» WHAT YOU HAVE TO DO
A picture should never appear in your copy. Transcribe the listing exactly from its first line through the line with "Scene from the", both ends included.

» STORED DATA
Content starts

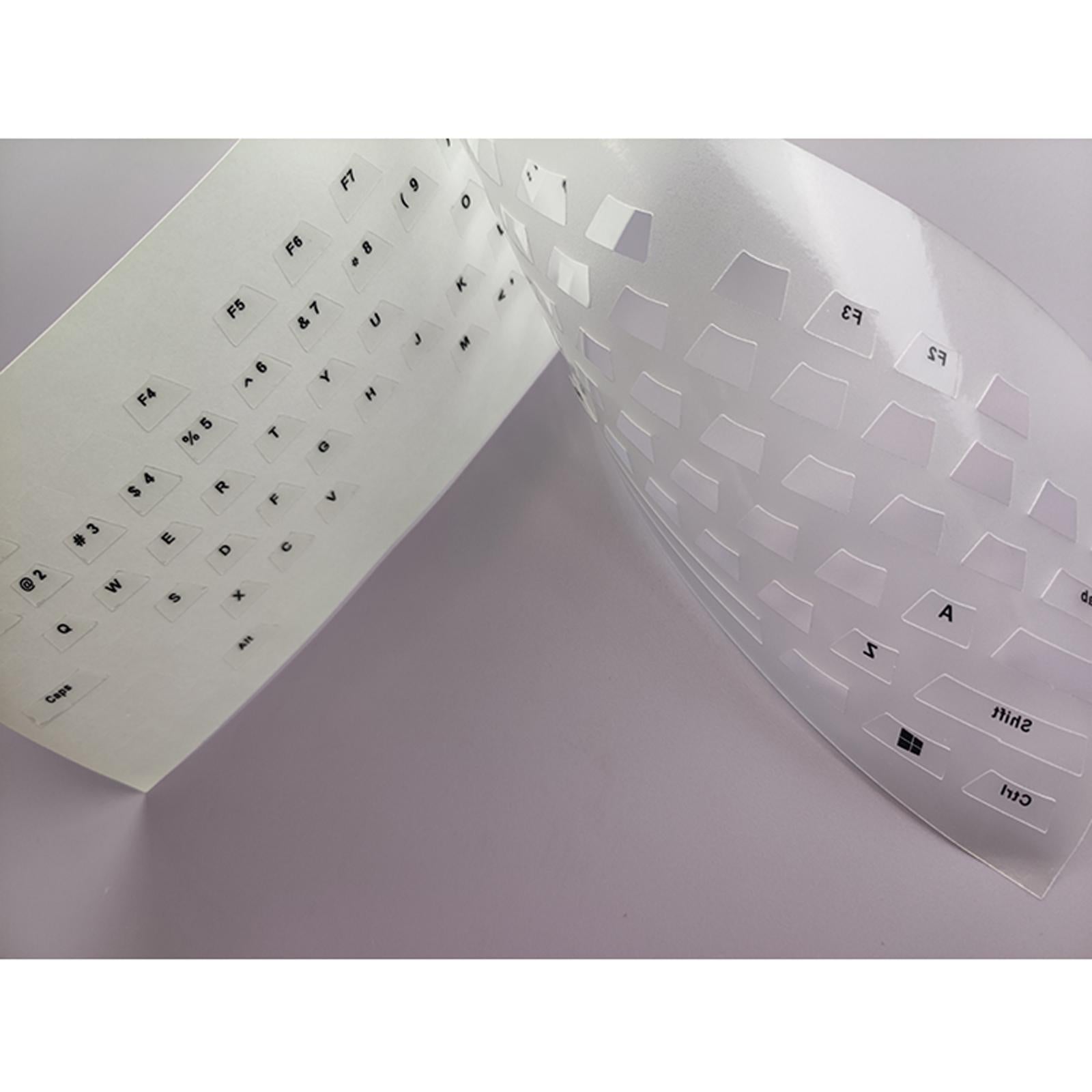 The English font is available in black and white colors. After pasting on the keyboard, only the font will be displayed, and the original color, pattern, appearance and feel of the keycap will not be affected.
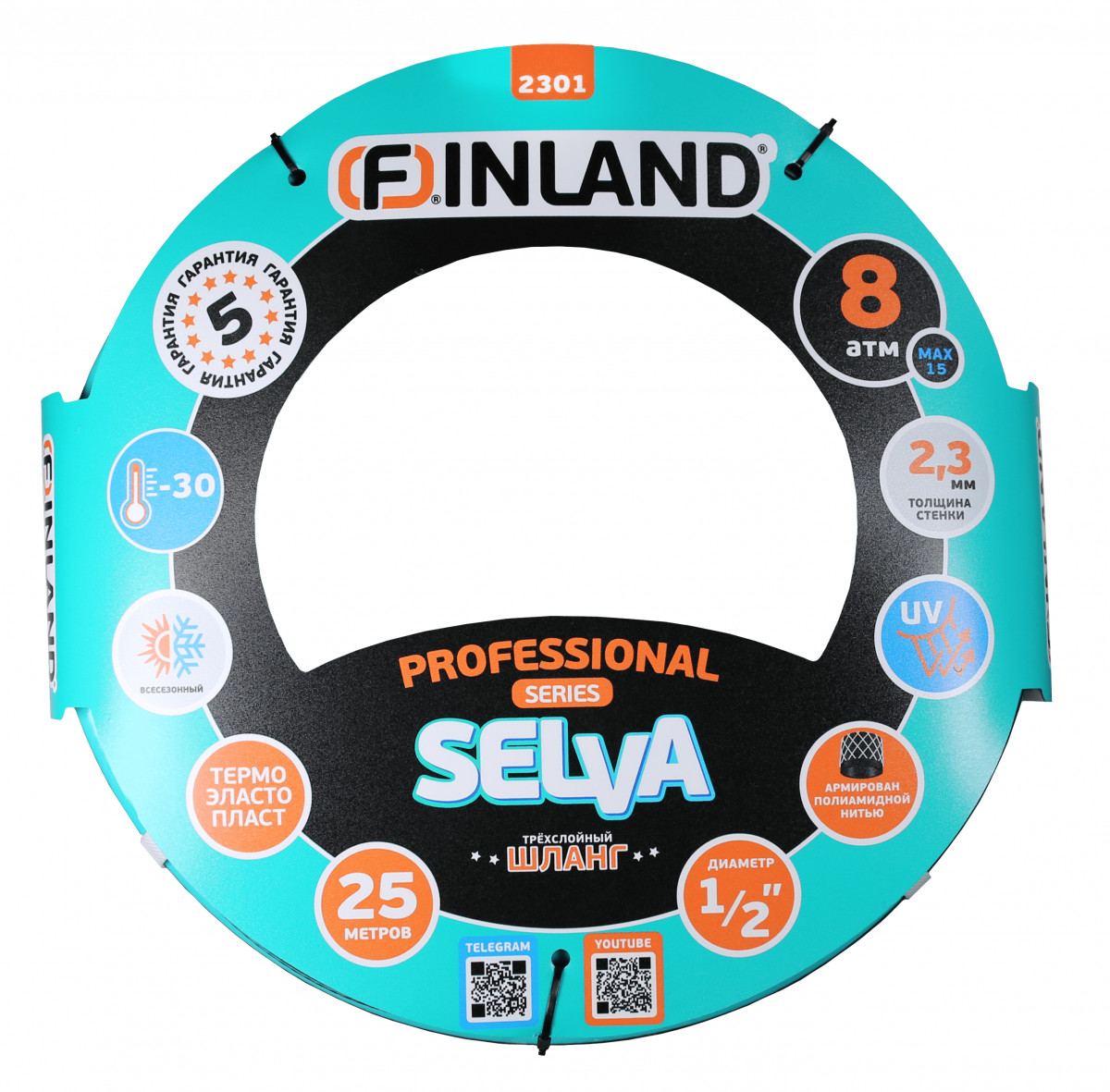 Шланг поливочный 1/2" 25 м ТЭП 3-слойный FINLAND SELVA
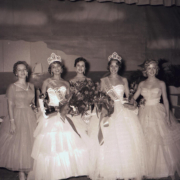 Scene from the 1956 Miss Kingsport-Miss Sullivan County Pageant. From left to right, Judy Kibler Weatherford (Miss Kingsport 1955), Barbara Jo Ketron (Miss Sullivan County 1955), Sharon Kay Rithie (Miss America 1956), unidentified, and unidentified.
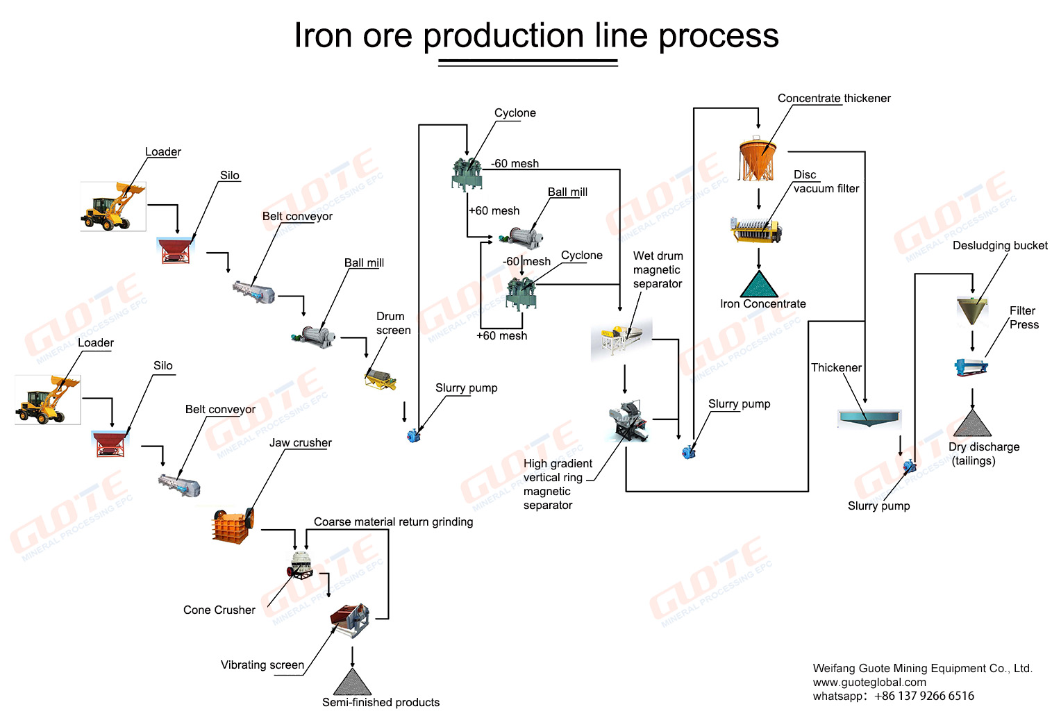 [Production line advantages]: Modern iron ore production lines are developing towards large-scale (single line 5 million tons/year), intelligent (5G+AI control), and zero emissions (tailings construction material utilization). The iron ore production line designed and constructed by Guote Mining Equipment saves more than 30% energy; new equipment such as high magnetic field wet drum magnetic separator and high gradient vertical ring magnetic separator can increase the concentrate grade by 1-2 percentage points.

Content ends

» EXERCISE OUTPUT
 The English font is available in black and white colors. After pasting on the keyboard, only the font will be displayed, and the original color, pattern, appearance and feel of the keycap will not be affected.
 Шланг поливочный 1/2" 25 м ТЭП 3-слойный FINLAND SELVA
 Scene from the 1956 Miss Kingsport-Miss Sullivan County Pageant. From left to right, Judy Kibler Weatherford (Miss Kingsport 1955), Barbara Jo Ketron (Miss Sullivan County 1955), Sharon Kay Rithie (Miss America 1956), unidentified, and unidentified.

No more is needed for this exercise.